EXERCISE INSTRUCTIONS.
The records below are to be output exactly, except for their pictures.

DATASET RECORDS.
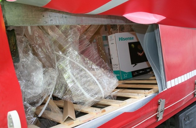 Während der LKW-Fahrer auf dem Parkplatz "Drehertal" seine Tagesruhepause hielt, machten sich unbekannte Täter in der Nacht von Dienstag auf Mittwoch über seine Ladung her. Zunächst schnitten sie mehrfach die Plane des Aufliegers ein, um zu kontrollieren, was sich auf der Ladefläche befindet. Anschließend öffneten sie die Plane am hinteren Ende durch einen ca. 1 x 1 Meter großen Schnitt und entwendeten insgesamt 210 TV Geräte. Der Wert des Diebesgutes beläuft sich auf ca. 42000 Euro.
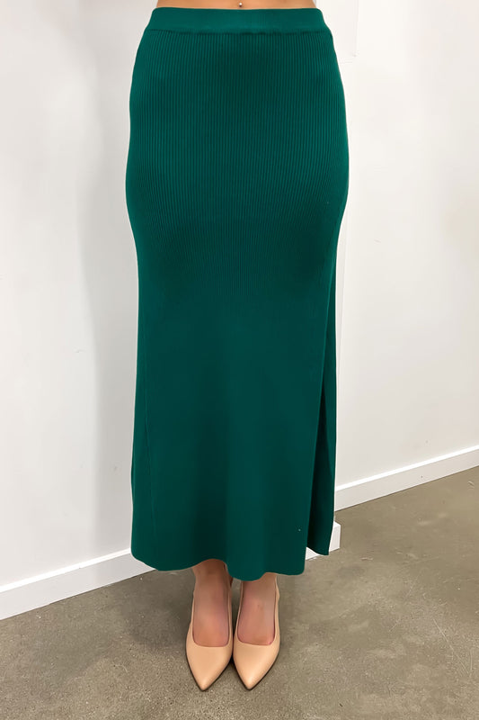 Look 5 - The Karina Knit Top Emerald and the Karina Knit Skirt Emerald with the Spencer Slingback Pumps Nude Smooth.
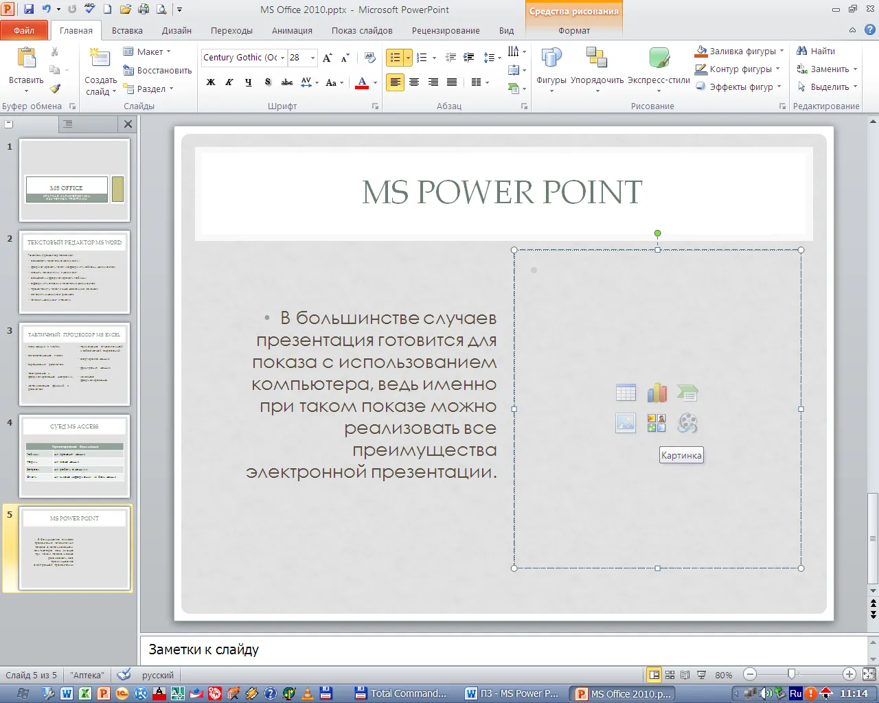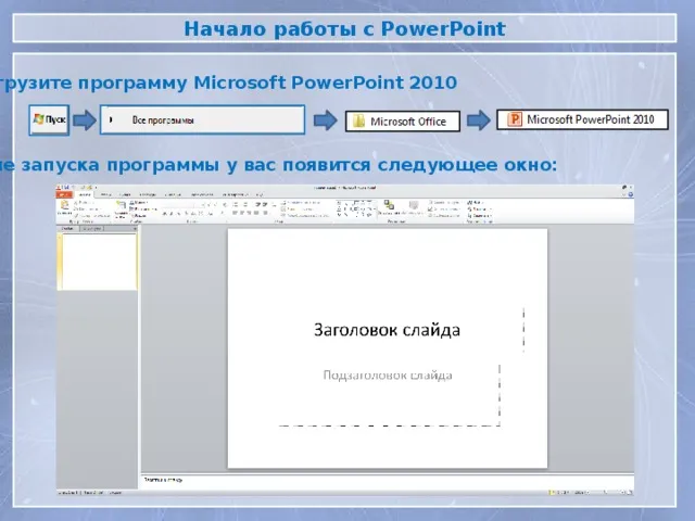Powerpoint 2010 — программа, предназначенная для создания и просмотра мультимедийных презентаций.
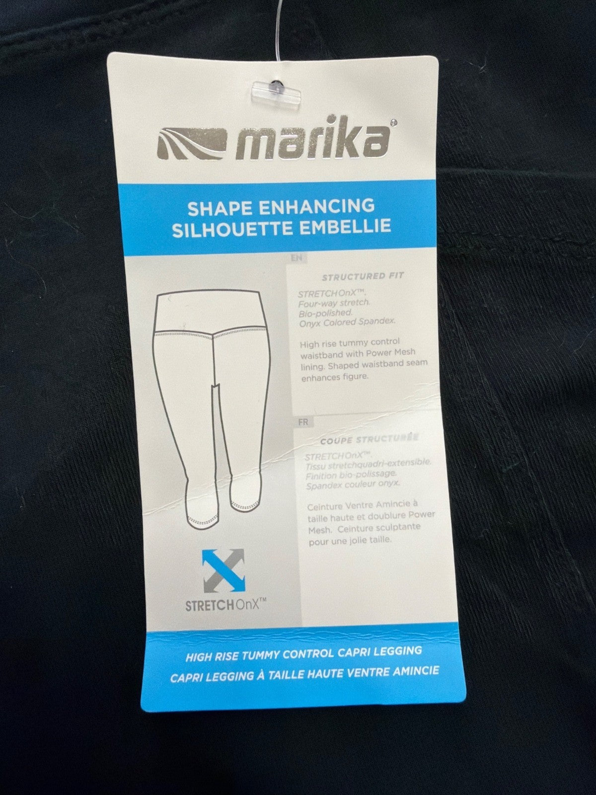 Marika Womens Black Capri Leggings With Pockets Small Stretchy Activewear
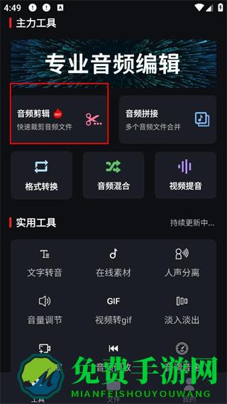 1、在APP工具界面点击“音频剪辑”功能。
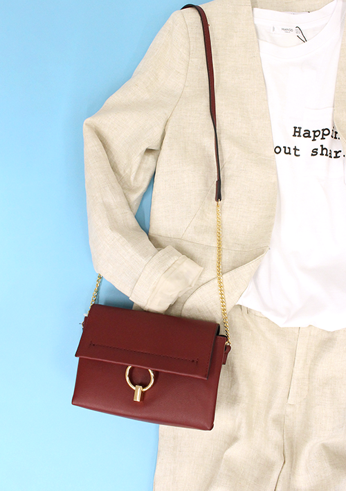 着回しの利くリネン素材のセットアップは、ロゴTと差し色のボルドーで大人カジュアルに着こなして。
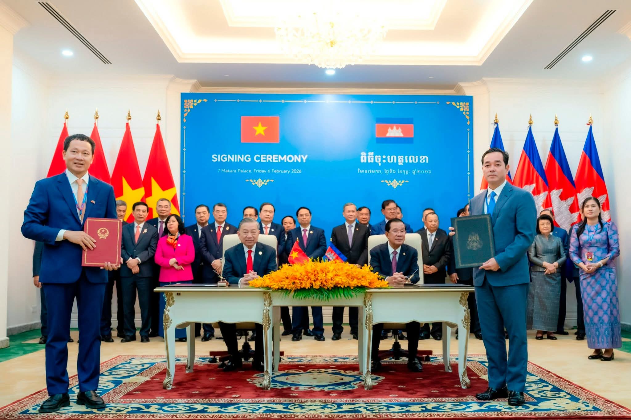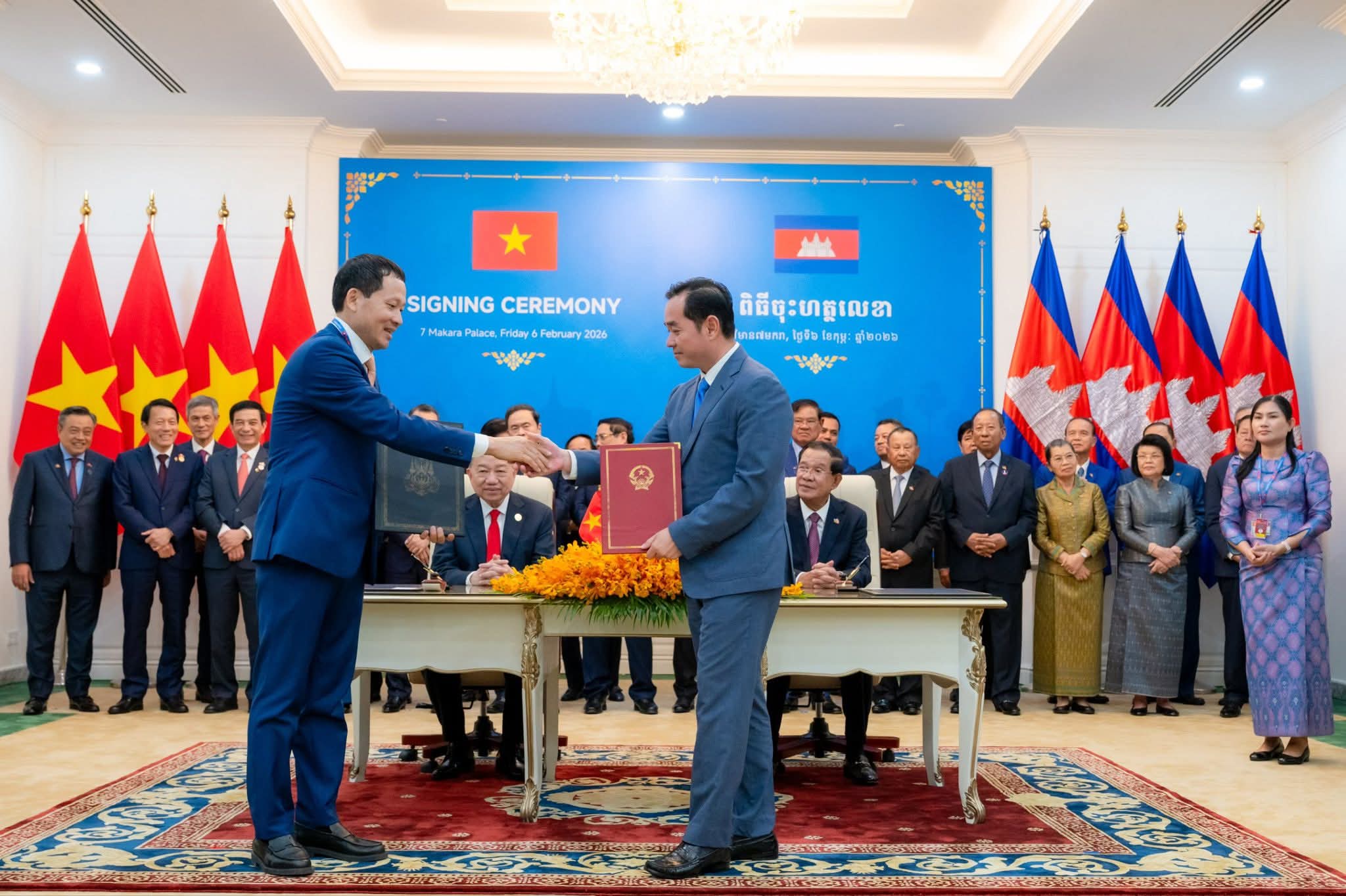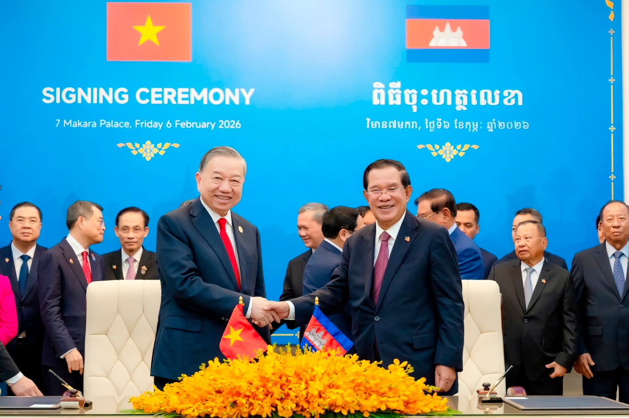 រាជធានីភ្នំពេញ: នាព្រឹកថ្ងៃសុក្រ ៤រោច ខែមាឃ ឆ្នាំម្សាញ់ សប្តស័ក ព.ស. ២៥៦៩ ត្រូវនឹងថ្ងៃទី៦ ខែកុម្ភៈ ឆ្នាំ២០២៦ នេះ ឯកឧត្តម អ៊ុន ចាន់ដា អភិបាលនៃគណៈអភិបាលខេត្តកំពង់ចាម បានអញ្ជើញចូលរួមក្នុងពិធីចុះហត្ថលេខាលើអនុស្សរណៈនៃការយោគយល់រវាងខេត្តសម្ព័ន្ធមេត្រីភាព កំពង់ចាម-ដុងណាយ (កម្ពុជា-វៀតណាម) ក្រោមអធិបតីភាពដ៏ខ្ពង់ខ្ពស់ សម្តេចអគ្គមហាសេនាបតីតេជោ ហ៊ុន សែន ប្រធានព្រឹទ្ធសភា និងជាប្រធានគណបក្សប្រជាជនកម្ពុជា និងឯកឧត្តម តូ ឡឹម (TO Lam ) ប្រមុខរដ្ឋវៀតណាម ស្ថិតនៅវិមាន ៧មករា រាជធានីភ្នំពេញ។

ANSWER FOR THE TASK.
 Während der LKW-Fahrer auf dem Parkplatz "Drehertal" seine Tagesruhepause hielt, machten sich unbekannte Täter in der Nacht von Dienstag auf Mittwoch über seine Ladung her. Zunächst schnitten sie mehrfach die Plane des Aufliegers ein, um zu kontrollieren, was sich auf der Ladefläche befindet. Anschließend öffneten sie die Plane am hinteren Ende durch einen ca. 1 x 1 Meter großen Schnitt und entwendeten insgesamt 210 TV Geräte. Der Wert des Diebesgutes beläuft sich auf ca. 42000 Euro.
 Look 5 - The Karina Knit Top Emerald and the Karina Knit Skirt Emerald with the Spencer Slingback Pumps Nude Smooth.
Powerpoint 2010 — программа, предназначенная для создания и просмотра мультимедийных презентаций.
 Marika Womens Black Capri Leggings With Pockets Small Stretchy Activewear
 1、在APP工具界面点击“音频剪辑”功能。
 着回しの利くリネン素材のセットアップは、ロゴTと差し色のボルドーで大人カジュアルに着こなして。
 រាជធានីភ្នំពេញ: នាព្រឹកថ្ងៃសុក្រ ៤រោច ខែមាឃ ឆ្នាំម្សាញ់ សប្តស័ក ព.ស. ២៥៦៩ ត្រូវនឹងថ្ងៃទី៦ ខែកុម្ភៈ ឆ្នាំ២០២៦ នេះ ឯកឧត្តម អ៊ុន ចាន់ដា អភិបាលនៃគណៈអភិបាលខេត្តកំពង់ចាម បានអញ្ជើញចូលរួមក្នុងពិធីចុះហត្ថលេខាលើអនុស្សរណៈនៃការយោគយល់រវាងខេត្តសម្ព័ន្ធមេត្រីភាព កំពង់ចាម-ដុងណាយ (កម្ពុជា-វៀតណាម) ក្រោមអធិបតីភាពដ៏ខ្ពង់ខ្ពស់ សម្តេចអគ្គមហាសេនាបតីតេជោ ហ៊ុន សែន ប្រធានព្រឹទ្ធសភា និងជាប្រធានគណបក្សប្រជាជនកម្ពុជា និងឯកឧត្តម តូ ឡឹម (TO Lam ) ប្រមុខរដ្ឋវៀតណាម ស្ថិតនៅវិមាន ៧មករា រាជធានីភ្នំពេញ។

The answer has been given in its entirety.